The development of memory services in England as a bespoke pathway for assessment of people with suspected dementia, separate from community mental health and neurology services, was promoted by the 2009 National Dementia Strategy.3 The subsequent expansion of memory services was supported by an optional quality improvement infrastructure (Memory Services National Accreditation Programme) led by the Royal College of Psychiatrists. This was not accompanied by a national audit data-set, in contrast to the National Audit of Dementia, which examines care in acute hospitals. Notably, national surveys of memory services conducted in 2013 and 2014 did not include patient-level data. This first large-scale audit of memory services in England provides important insights into diagnostic and immediate post-diagnostic practices, including how these differ by age.

Our data show that only a small proportion of younger people referred to memory services have dementia (14% of those aged <55, 23% of those aged <65), in accordance with our previous audit round in London and findings from Cambridgeshire.Reference Cook, Nichol and Isaacs2,Reference Yeung, MacFarland, Mlilo, Dean and Underwood4 English memory services diagnose 1 person with YOD for every 40 with LOD. This makes YOD a small fraction of memory service workload and might limit the ability of memory service clinicians to build expertise in this condition, which the Royal College of Psychiatrists has identified as a priority.5 Whether younger people are better served by specialist YOD services or can be appropriately supported within ageless memory services remains a subject of debate.Reference Yeung, MacFarland, Mlilo, Dean and Underwood4,Reference Stamou, La Fontaine, Gage, Jones, Williams and O'Malley6 Either way, the higher prevalence of psychiatric disorders in younger people referred to memory services suggests that psychiatry-led services are an appropriate initial point of referral provided they include cognitive neurologists or have good links to specialist neurological services.

Do the audit data suggest that memory services are underskilled in YOD and rarer dementias? Population studies suggest that FTD accounts for 10% of YOD and just under 3% of LOD.Reference Hogan, Jetté, Fiest, Roberts, Pearson and Smith7 Our finding that 7% of patients with YOD and 0.3% of patients with LOD were diagnosed with FTD likely reflects either referral bias or underdiagnosis.

Younger individuals presenting to primary care with atypical symptoms such as language decline or personality change might be referred to neurology services or community mental health services and therefore not appear in memory service cohorts. Nevertheless, pathological series suggest that over half of FTD cases might be clinically misdiagnosed, most commonly as Alzheimer's disease.Reference Selvackadunco, Langford, Shah, Hurley, Bodi and King8

In the absence of disease-modifying therapy, the impact of subtype misdiagnosis on disease progression is relatively limited; nevertheless, dementia subtypes differ in terms of aetiology, prognosis and response to symptomatic treatment. Counselling advice given to patients and families is therefore potentially misleading if based on an inaccurate subtype.

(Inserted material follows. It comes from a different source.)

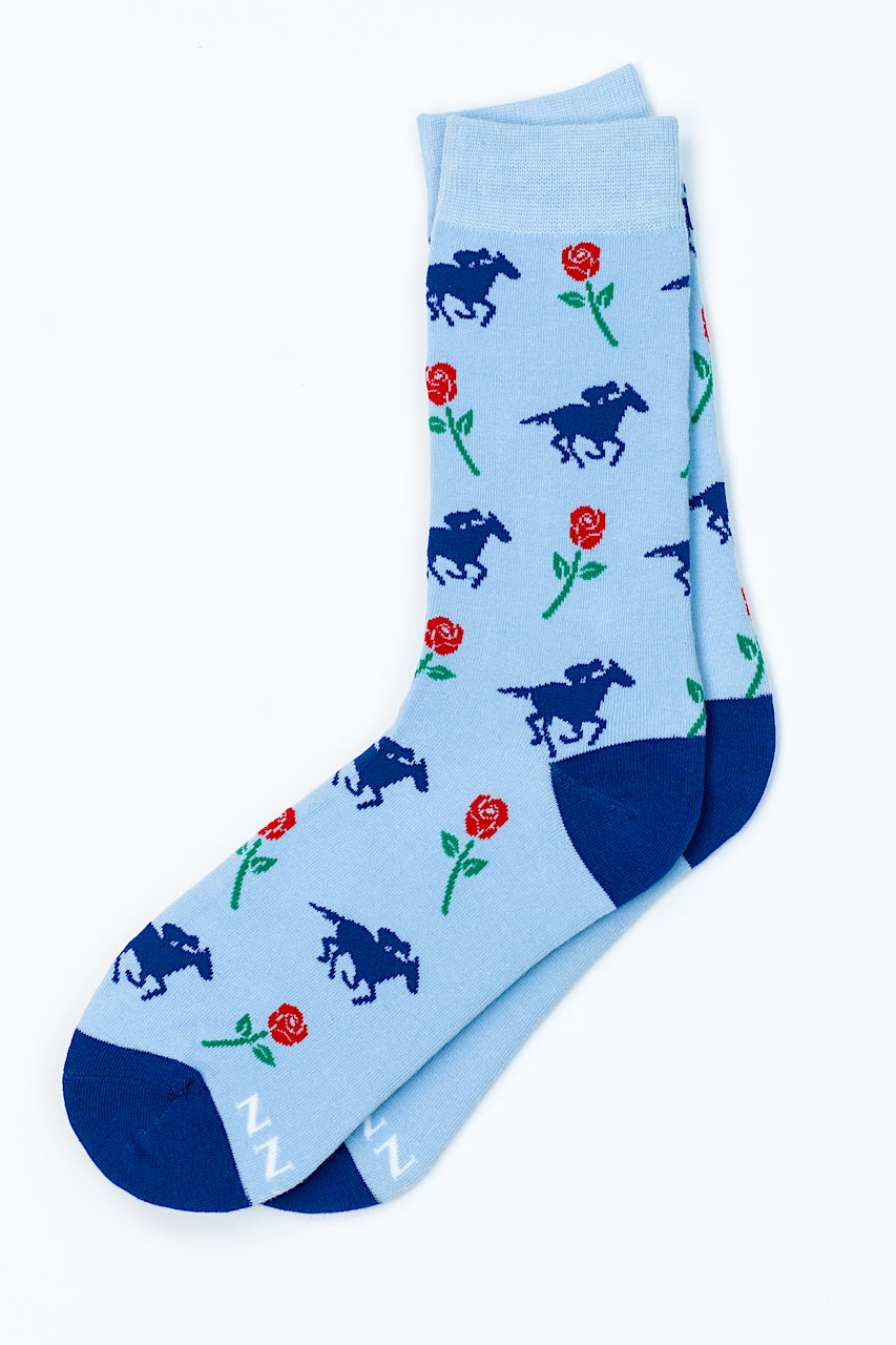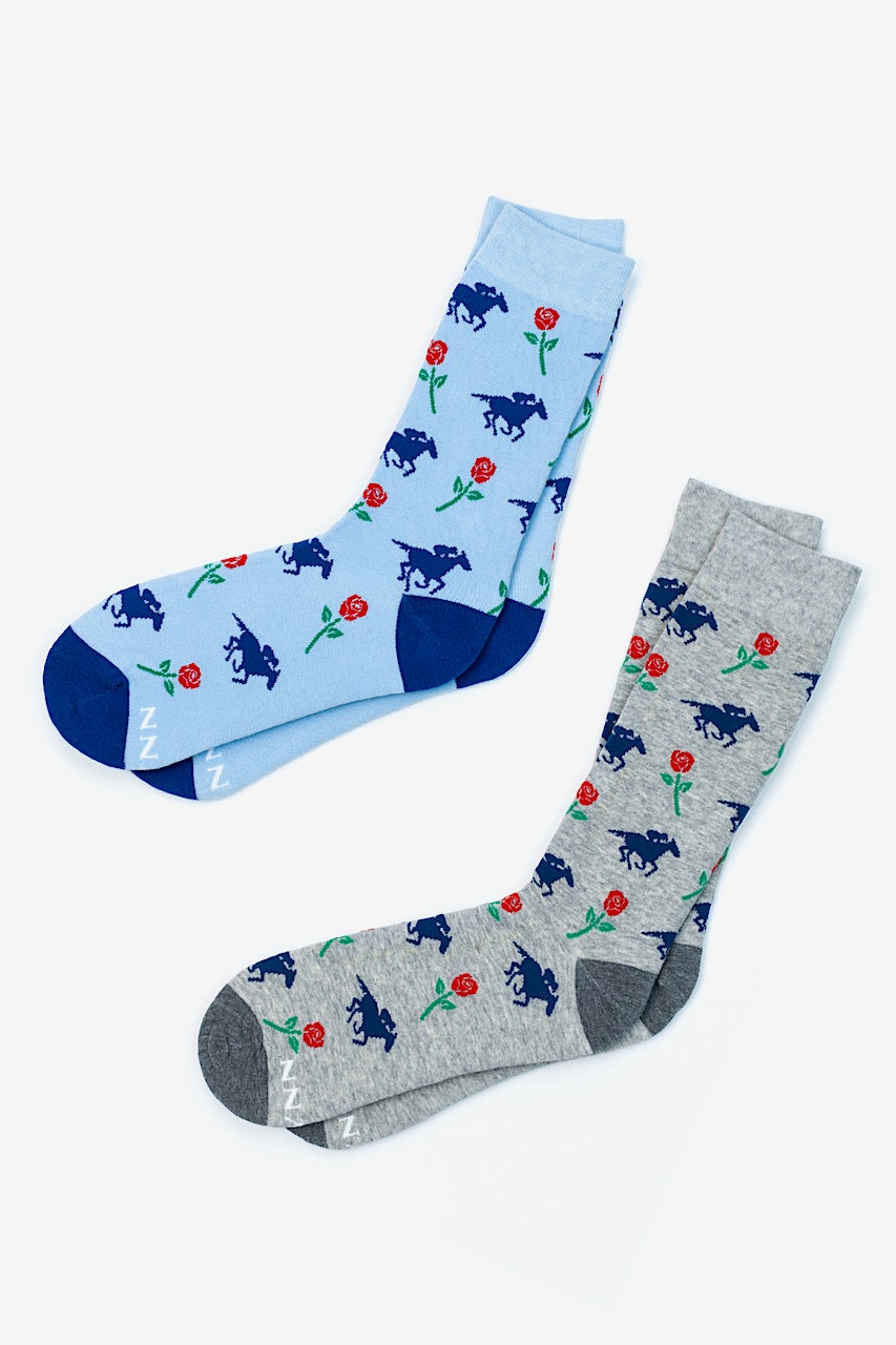 These socks are made from high quality carded cotton, ensuring a soft and comfortable fit. They come in two stylish colors, a classic gray and a deep blue, perfect for a sophisticated and stylish look. With a durable construction, these socks are meant to last and be a staple in your wardrobe. The two pairs included in this package are perfect for a couple to share, with one pair in each size to ensure a perfect fit for both individuals. The socks feature a horse racing theme, with charming depictions of horses and a victory rose. Whether you're a fan of equestrian sports or just appreciate a fashionable accessory, these cotton socks are sure to be a hit.

Furthermore, nearly one in ten individuals with YOD in this sample were diagnosed with ‘unspecified dementia’, compared with 6% of those with LOD. Dementia in younger people is more likely to be caused by a single neuropathological process and confounding factors such as frailty are less prevalent. A specific subtype diagnosis should be attempted wherever possible, particularly given the higher rate of genetic mutations in YOD, so that appropriate counselling can be given to patients and families.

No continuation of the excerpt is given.